Figure 13.

Physiological role of Mg²⁺/Ca²⁺, pH, and redox state in the maintenance of the chaperone reservoir of mitochondrial Prx1 in Leishmania. During the peroxidase cycle, Leishmania Prx1m transits between the dimeric (chaperone-inactive) and the decameric (chaperone-active) forms. This oligomeric shift is regulated by the conformational changes of two regions from the loop-helix active-site motif: the C_p-loop (LU ⇔ FF), which is redox-sensitive, and the region I (open ⇔ closed), which is Ca²⁺/Mg²⁺/pH-sensitive. When dimers are reduced (SH), they tend to form weak decamers in which free Mg²⁺ and Ca²⁺ ions bind to enhance their peroxidase and chaperone functions. In basal conditions, after the peroxidation (I) and resolution (II) steps, oxidized (S–S) decamers tend to release Mg²⁺ and Ca²⁺ ions and dissociate into dimers, a process that involves an intermediate state, here named the transitional A-type interface.
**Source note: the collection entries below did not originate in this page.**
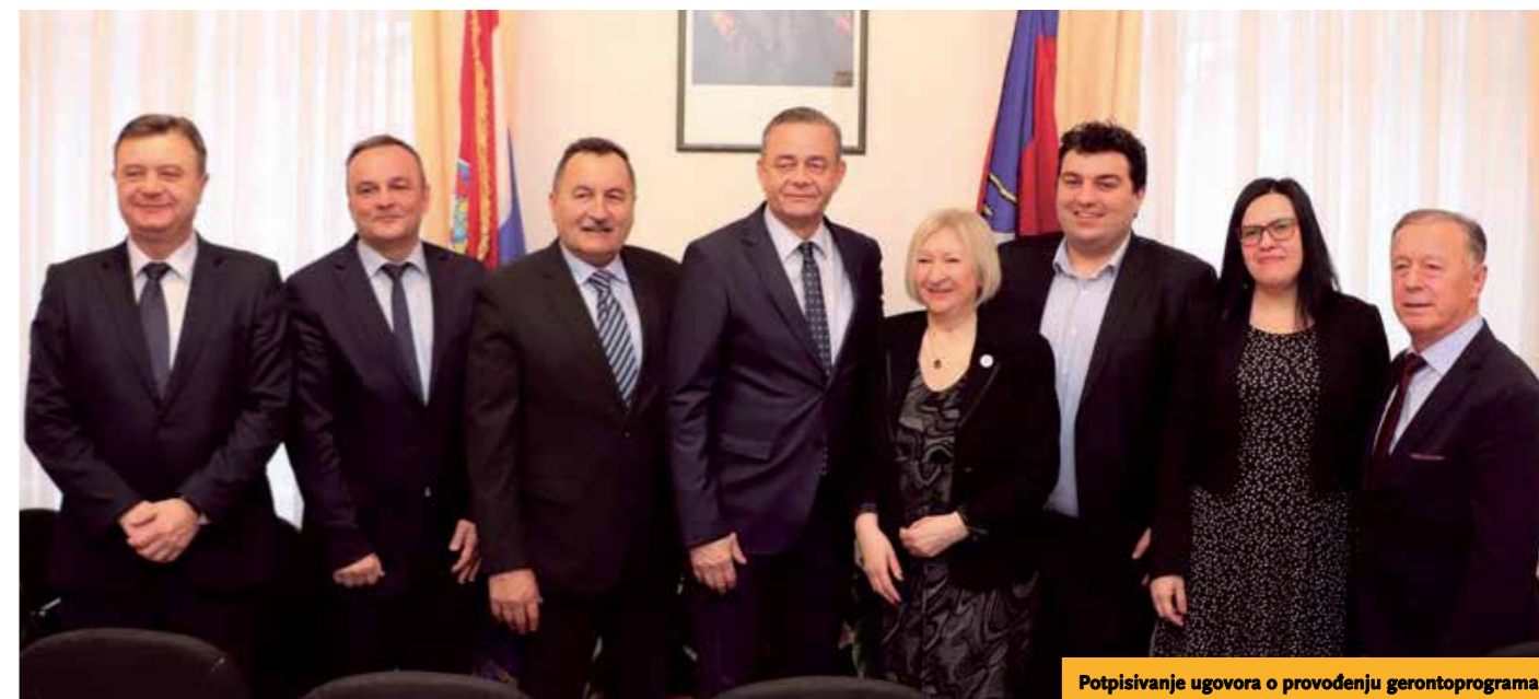
Potpisivanje ugovora o provođenju gerontoprograma
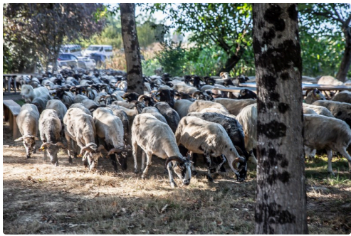
Arrivée du troupeau au pré au Musée du Paysan gascon de Toujouse
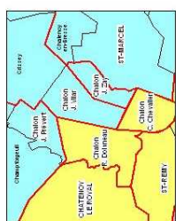
Répartition des secteurs de collèges de Chalon entre Chalon I et II
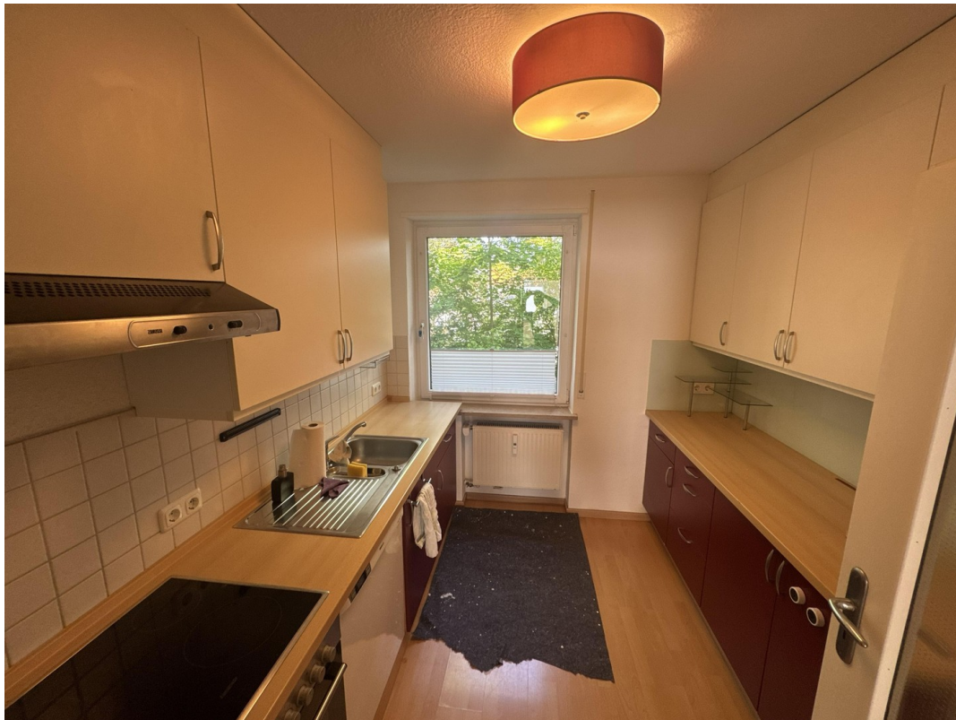
Küche (Bild 1)
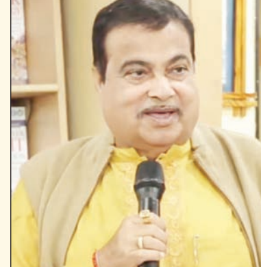
क्योंकि उसे मंत्री पद नहीं मिल सका। भाजपा नेता ने कहा, जो मंत्री बनता है वह इसलिए दुखी रहता है कि उसे अच्छा मंत्रालय नहीं मिला और वह मुख्यमंत्री नहीं बन पाया तथा मुख्यमंत्री इसलिए तनाव में रहता है क्योंकि उसे नहीं पता कि कब आलाकमान उसे पद छोड़ने के लिए कह देगा। उन्होंने कहा कि जीवन में समस्याएं बड़ी चुनौतियां पेश करती हैं और उनका सामना करना तथा आगे बढ़ना ही जीवन

एजेंसी नागपुर। केंद्रीय मंत्री नितिन गडकरी ने मुख्यमंत्री के पद और राजनैतिक संतुष्टि को लेकर बड़ा बयान दिया है। यहां आयोजित एक पुस्तक के विमोचन समारोह में उन्होंने कहा कि मुख्यमंत्री हमेशा ही डरा और सहमा रहता है। उसके भीतर डर बना रहता है कि न जाने कब हाईकमान उसकी छुट्टी कर दे। जहां तक राजनीति का सवाल है तो यहां कोई भी संतुष्ट नहीं होता है। गडकरी ने कहा है कि राजनीति असंतुष्ट आत्माओं का सागर है, जहां हर व्यक्ति दुखी है और अपने वर्तमान पद से ऊंचे पद की आकांक्षा रखता है। नागपुर में जीवन के 50 स्वर्णिम नियम नामक पुस्तक के विमोचन के अवसर पर गडकरी ने कहा कि जीवन समझौते, बाध्यताओं, सीमाओं और विरोधाभासों का खेल है। मंत्री ने राजस्थान में आयोजित एक कार्यक्रम को याद करते हुए कहा कि राजनीति असंतुष्ट आत्माओं का सागर है, जहां हर व्यक्ति दुखी है... जो पार्षद बनता है वह इसलिए दुखी होता है क्योंकि उसे विधायक बनने का मौका नहीं मिला और विधायक इसलिए दुखी होता है
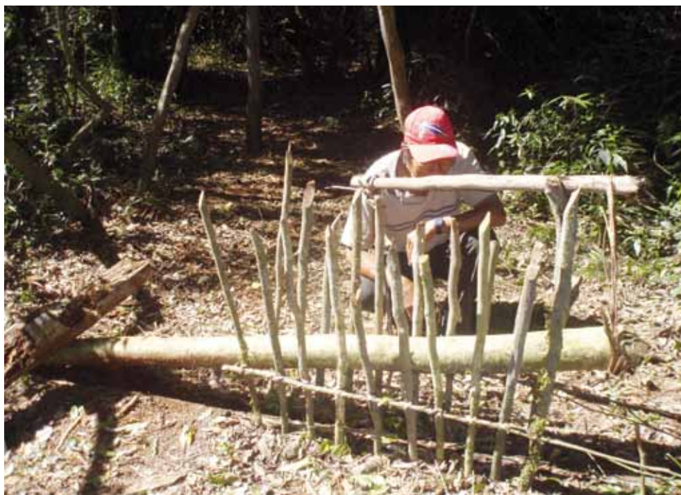
Trampa monde .

El arco y la flecha han sido abandonados por los mbya. Los más jóvenes de las aldeas explican este cambio diciendo: "nosotros los jóvenes ya no sabemos cómo se hace", "no vamos más al monte porque no hay más bichos" o "los abuelos ya no nos enseñaron a usar". Las causas son siempre las mismas: la reducción de la selva por la invasión de los colonos y las empresas. Hoy en día, la "marisca" –salir a recolectar y eventualmente cazar– suele incorporar armas de fuego aunque su uso depende de la disponibilidad de dinero para comprar municiones.
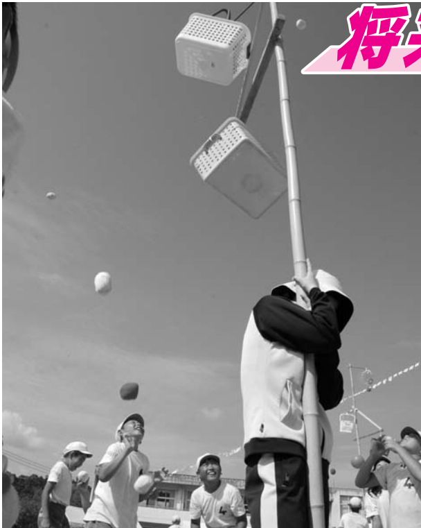
▶どれに入れようかな (千歳小学校)
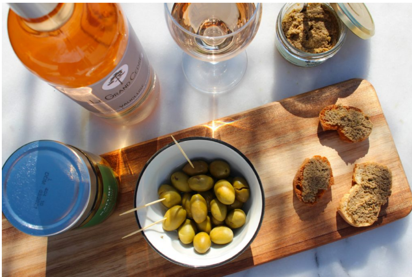
Piquez dans l'assiette.
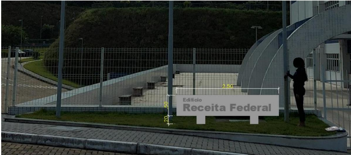
Placa em concreto (2.50x0.50m) com texto (Arial black) em baixo relevo e dois apoios.
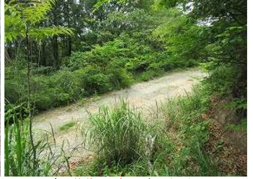
倉谷林道に出会い、右へ向かう。
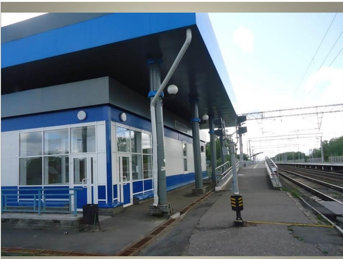
Фото 2. Железнодорожный вокзал с 2011 г.

However, under heat-stress conditions, two stimuli can boost the chaperone reservoir of Prx1m, mainly by stabilizing the oxidized decamers: red arrows, small pH decreases; green arrows, Ca²⁺ overload. Because our data could not discriminate the preferable substrate for tryparedoxin (Prx1m dimers or decamers), we labeled the C_p reduction step with a question mark. The same is applicable for the conformational state proposed for the active site in reduced dimers and reduced weak decamers. For purposes of clarity, the padlocks illustrating the conformational state of region I are shown only for a pair of dimers at the decamers. LU, locally unfolded; FF, fully folded.